I love Monogats because it’s a talking heads series. I am befuddled when people dismiss this (or Psycho Pass, or GitS, etc.) as “too talky.” It’d be one thing if the stuff being talked about was boring or didn’t add anything to the story or characters. But, that isn’t the case here at all! The dialogue is well-written, funny, jarring, charming, character-building and plot-moving.
The fact that it’s a talking heads anime directly effects the cinematography. Series directors compose wonderful shots because, most of the time, there’s not a ton of character movement. The angles, the scene layout, the “camera” techniques…SHAFT takes such care to produce visually stimulating shot after shot with Monogats.
Visual metaphor is one of my favorite things about anime in general, and Monogatari trades heavily in it. It’s not as boldly abstract as Ikuhara‘s shows, but there are some nice, clean visual metaphors to be had in the Monogats. I describe one such instance here in the section about Hanekawa Tsubasa.
Speaking of folks like Hanekawa…the characters! Omgomgomg. Here is where the strengths of the novels shine through. The characterization is superb. You don’t have to spend much time with Hitagi Senjougahara or Kanbaru Suruga to realize that they have so much depth. Then, there are characters you think you’ve got figured out (I’m looking at you Sengoku Nadeko), but, when you just know they’re going to zig, they zag. I feel like they all continually surprise me but in this way that feels so organic, so them. While there are characters I like less than others, there are no bad characters in this series (up to the point I’ve seen). I love how each of the girls toys with Araragi. Though he helps them take significant steps in their lives, he never quite has a handle on them.
Honestly, I really do love how sprawling the thing has become. I don’t mind getting into long series myself, and I find that the length of this franchise is helping it rather than harming it. Because of the sheer breadth of the story, the writers and directors can weave an increasingly-intricate web of relationships, motivations and histories of these characters I have grown to love. If Bake was all there was, it would be an achievement, but the fact that additional content can be added which is worthwhile on its own but also enhances what has come before…this makes Monogats something quite special.
I really love the music. It’s haunting and beautiful and interesting. I dunno, YouTube that shit.
If I had to choose a favorite moment or scene from the Monogats I’ve seen thus far, it’d be the final portion of episode 12 of Bakemonogatari. The date. We learn so much more about Hitagi. She displays the acerbic humor that we are used to, but she also opens up to her boyfriend in a way we haven’t seen. Hitagi has been forthright and matter-of-factly honest before, but this scene presents her as vulnerable for the first time. It’s very humanizing to her character, and it’s really sweet, actually. That dialogue is just unforgettable, man.

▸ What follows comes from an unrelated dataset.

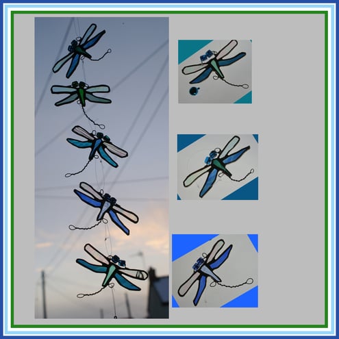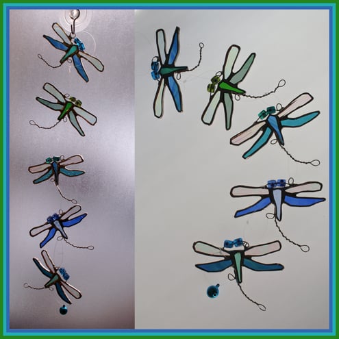 Each dragonfly is individually made from different textures and colours of glass and are all different. 2 in blue-green shades, 1 in turquoise, 1 green and the other blue. They all have 2 wings in iridescent glass so that the wings shimmer in the light as real dragonflies do.
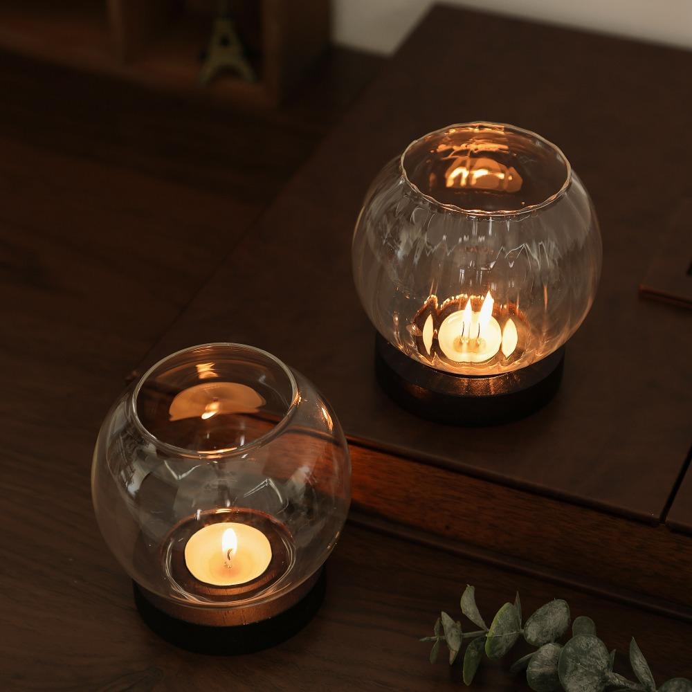 Romantic Transparent Candle Holder with Wooden Base Retro Oil Lamp Shape Round Candlesticks Tealight Dinner Table Decoration

That’s everything. That’s everything that I have. The ability to help you with your studies, my beloved underclassman, and my gruff father. And this starry sky. What I have is no more than this. What I can give you, Araragi, is no more than this. No more than this…and everything. But you know, even though my life till now hasn’t been a happy one, if the reason I was able to catch your eye is precisely because I was unhappy…Then I can be glad.
Merry Christmas, you database animals.